Two French agents -- Alain Mafart and Dominique Prieur -- were arrested after the incident and jailed for manslaughter by a New Zealand court, but police never found the two others they suspected were also involved.

A New Zealand television network was expected Sunday evening to broadcast film of Mafart and Prieur pleading guilty, after the Supreme Court dismissed an attempt by the agents to block the screening.

In response to the new revelations, New Zealand police said they would look again at the Rainbow Warrior file, but their spokeswoman said it was too early to say what action, if any, would be taken.

A spokesman for Prime Minister Helen Clark, meanwhile, said that all outstanding charges had been stayed in 1991 on grounds of national interest.

The French lawyer who defended the agents confirmed this on Sunday, calling the latest controversy a "non-story".

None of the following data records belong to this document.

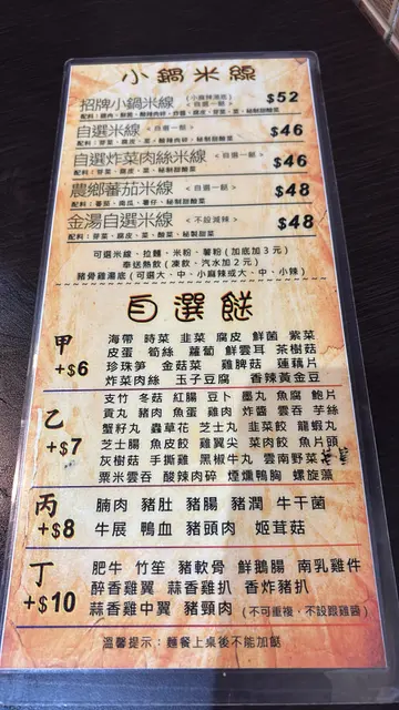 元朗小锅米线的用餐体验令人回味!汤底浓郁,带有淡淡的香菇和蔬菜鲜味,米线弹牙,配上青菜和菇类,口感丰富。旁边的炸鸡亦是亮点,外脆内嫩,味道香浓,与汤面形成完美搭配。环境热闹,服务快捷,适合与朋友聚餐。价钱合理,$46-$50不等,性价比高。整体而言,是一次满足的美食享受!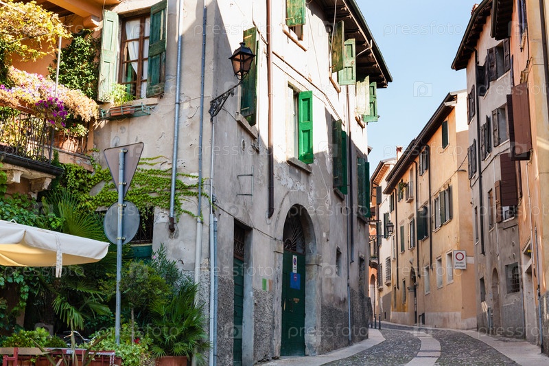 Старые дома на улице в городе Верона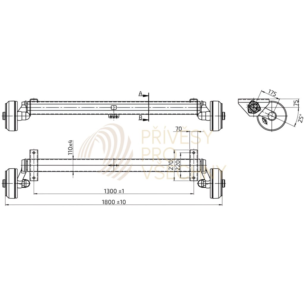 Náprava AL-KO Plus B 1800-9 (1800 kg) a=1300 mm, c=1800 mm, 2361, 112x5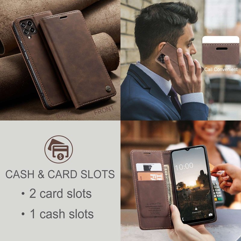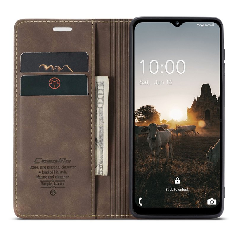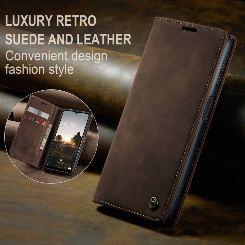 Detta fodral kombinerar stil och funktionalitet. Tillverkat av noggrant utvalt PU-läder och TPU, erbjuder det ett retro utseende och skyddar din telefon effektivt. Med smarta fack för kort och kontanter blir din vardag enklare.
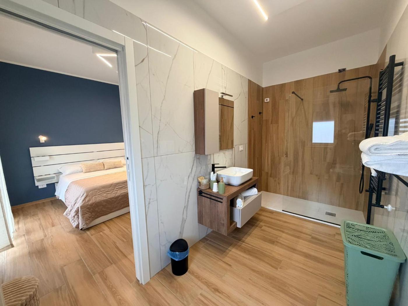 Camera Matrimoniale Deluxe con Balcone e Vista Mare. Spaziosa e climatizzata, la camera matrimoniale dispone di ingresso indipendente, terrazza affacciata sul giardino e bagno privato con doccia a filo pavimento. L’alloggio presenta 1 letto.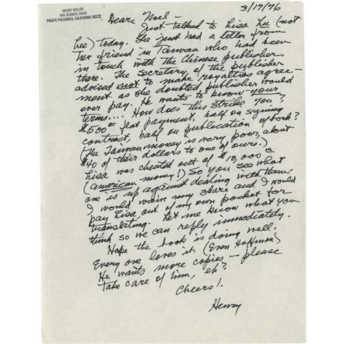 <B>Henry Miller Autograph Letter Signed,</B></I> "<I> Henry</B></I>". One page, 8.5" x 11.0", March 17, 1976, Pacific Palisades, California to "<I>Noel</B></I>" (An anonymous recipient as actor Noel Coward died in 1973). One of the most prolific authors and controversial minds of the mid-20th century, Henry Miller (1891-1980), penned such works as "Tropic of Cancer", "Tropic of Capricorn", "Why Abstract?" and "Wild About Harry". The versatile Miller was also a painter of some note. This letter reads, "<I>Just talked to Lisa Lii (not Lee) today. She just had a letter from her friend in Taiwan who had been in touch with the Chinese publisher there. The secretary of the publisher advised not to make royalties agreement as she doubted publisher would ever pay. He wants to know your terms...How does this strike you? $500 flat payment, half on signing contract, half on publication of book (The Taiwanese money is very poor, about $40 of theirs to one of ours.) Lisa was cheated out of $18,000 (American money!) So you see what one is up against dealing with them. I would receive my share and I would pay Lisa, out of my own pocket for translating. Let me know what you think so we can reply immediately. Hope the book is doing well. Everyone loves it. (Even Hoffman) He wants more copies - please take care of him, eh? Cheers!</B></I>".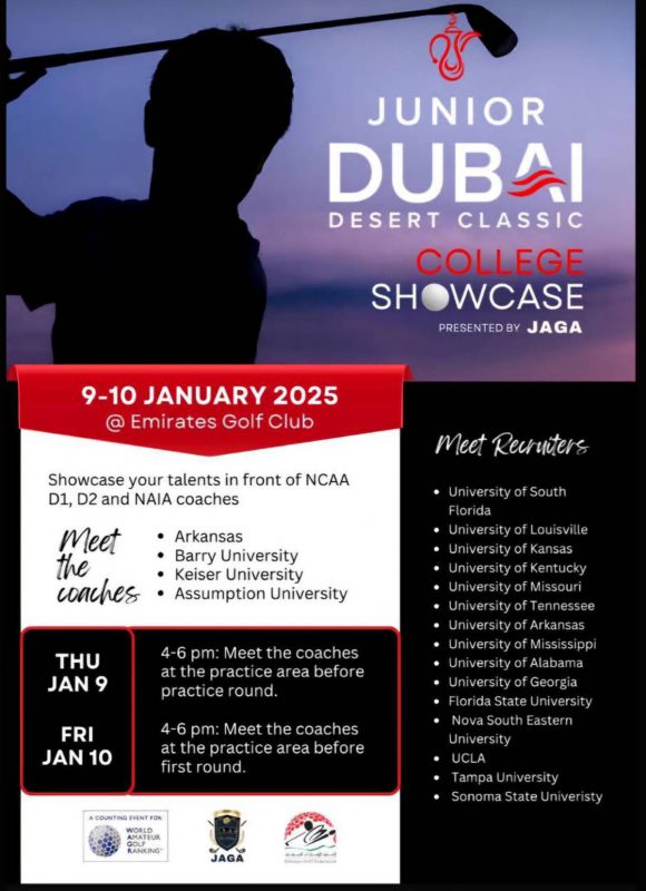 The JAGA College Showcase is being held in conjunction with the prestigious Junior Dubai Desert Classic, presenting a unique opportunity for JAGA students and top junior golfers across Asia. This event will be attended by college golf coaches and representatives from the top universities across the United States and Asia.

The Rainbow Warrior affair led to a major diplomatic spat between France and New Zealand, with the former eventually threatening to block trade with the South Pacific country if the French agents were not returned to French territory -- as they were following a settlement in 1986.

It was one of the biggest controversies of the late Francois Mitterrand's first term as French president, though it was only revealed last year that Mitterrand himself gave the go-ahead for the action. Segolene Royal served as an adviser to Mitterrand from 1982 to 1988.